Input records:

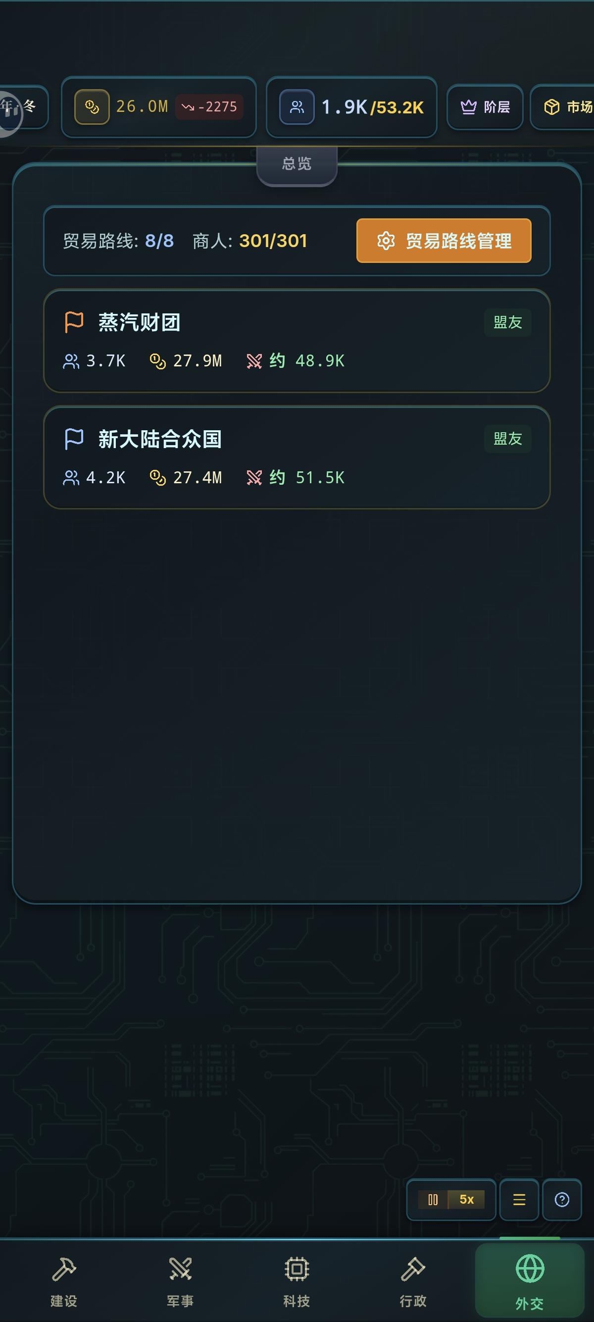 保障粮食木材及衣物,其他的按需建设,进入第二阶段开航海术将全图打一遍,达到50战争度直接领人口。经济发展饱和后进入第三阶段,将主军事的国家逐个打到吞并,同时将失业者人头税拉满,避免失业者堆积侵占粮食和暴动。战争期间的反政府组织直接打服,拿修养生息buff,打到全图没有军政府组织的时候多建立通商路线,很快就全图结盟成一块铁板,并且不会发生战争,此时将军队清空,保障各阶层满意度即可。庄园等旧时代建筑该
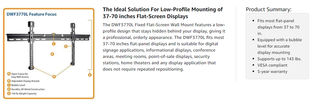 The DWF3770L’s durable, all-metal frame supports displays weighing up to 143 pounds A powder-coat finish resists scratches.
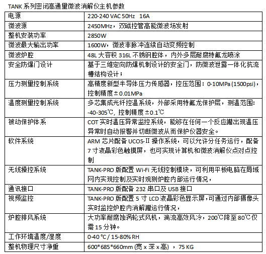 TANK使用ARM芯片配備UCOS-Ⅱ操作系統(tǒng),運(yùn)行穩(wěn)定可靠。采用7寸液晶彩色觸摸屏,觸控操作流暢簡(jiǎn)便。頁(yè)面實(shí)時(shí)顯示工作狀態(tài)及溫壓變化曲線(xiàn)。內(nèi)置專(zhuān)家方法庫(kù),也可自行編輯及存儲(chǔ)用戶(hù)方法。內(nèi)置COT實(shí)時(shí)溫壓異常監(jiān)控系統(tǒng)能夠在任何一個(gè)反應(yīng)罐出現(xiàn)溫壓異常時(shí)自動(dòng)報(bào)警并切斷微波從而保護(hù)儀器安全。PRO版獨(dú)有Wi-Fi無(wú)線(xiàn)控制模塊,既可實(shí)現(xiàn)計(jì)算機(jī)和微波消解儀點(diǎn)對(duì)點(diǎn)的控制,也可利用平板電腦等在局域網(wǎng)內(nèi)實(shí)現(xiàn)控制及實(shí)時(shí)觀(guān)測(cè),使用戶(hù)“舒心實(shí)驗(yàn)、安全實(shí)驗(yàn)”。PRO版亦采用雙屏設(shè)計(jì),另配5寸LCD液晶彩色顯示屏通過(guò)內(nèi)部攝像頭實(shí)時(shí)監(jiān)控爐腔內(nèi)消解罐運(yùn)行情況。
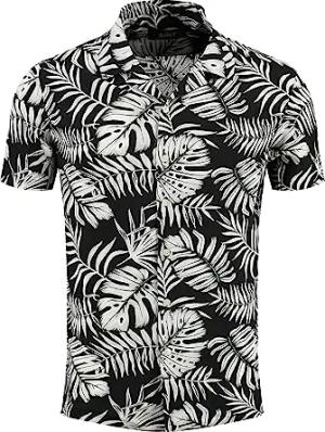 Herren Palms 1/2 Patterned Hemd, Schwarz, S
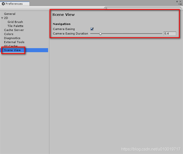 可以在场景视图中设置是否使用Easing进行相机操作
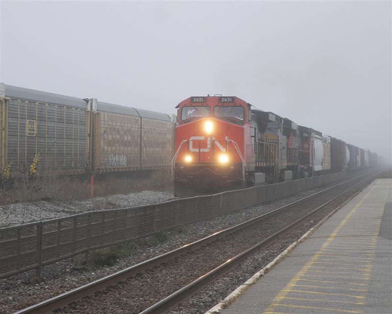 9-44CW 2651 leads CSX ES44DC 5222 and CN SD40-2(W) 5286 in the fog.
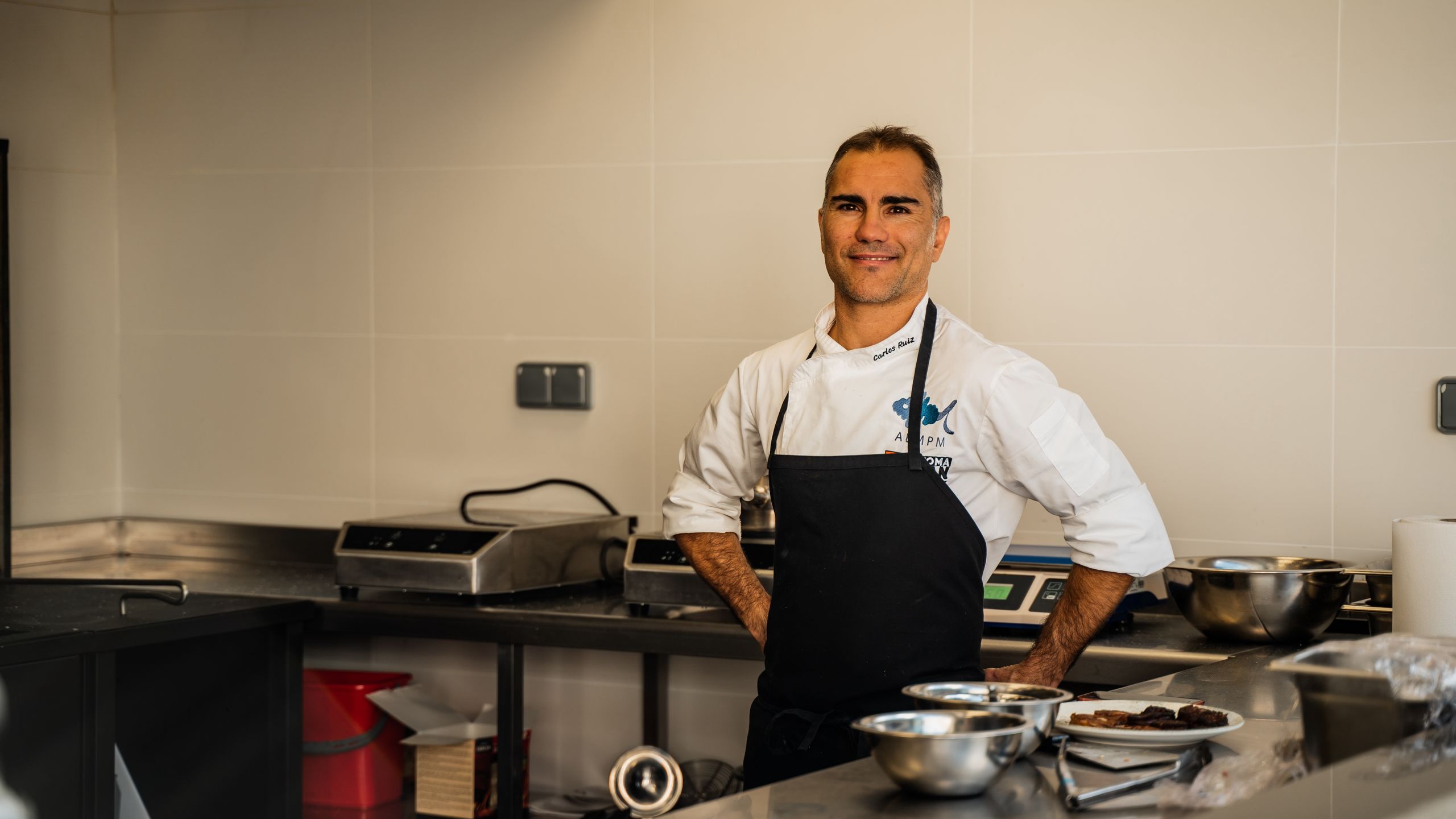 El chef Carlos Ruiz es el jefe de cocina y encargado de trasladar a la carta todo el buen producto que llega a Moscatel, un restaurante que recibe el nombre gracias a la parra centenaria de uva Moscatel que se encuentra en el huerto.
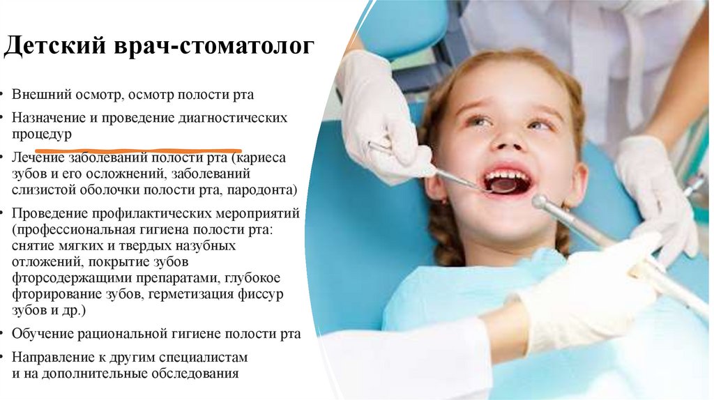Детский врач-стоматолог• Внешний осмотр, осмотр полости рта

Directions for this task:
Your reply should hold only the lines from the one that contains "El chef Carlos" through the last line of the records above, exact and complete, and no pictures.

Problem solution:
 El chef Carlos Ruiz es el jefe de cocina y encargado de trasladar a la carta todo el buen producto que llega a Moscatel, un restaurante que recibe el nombre gracias a la parra centenaria de uva Moscatel que se encuentra en el huerto.
Детский врач-стоматолог• Внешний осмотр, осмотр полости рта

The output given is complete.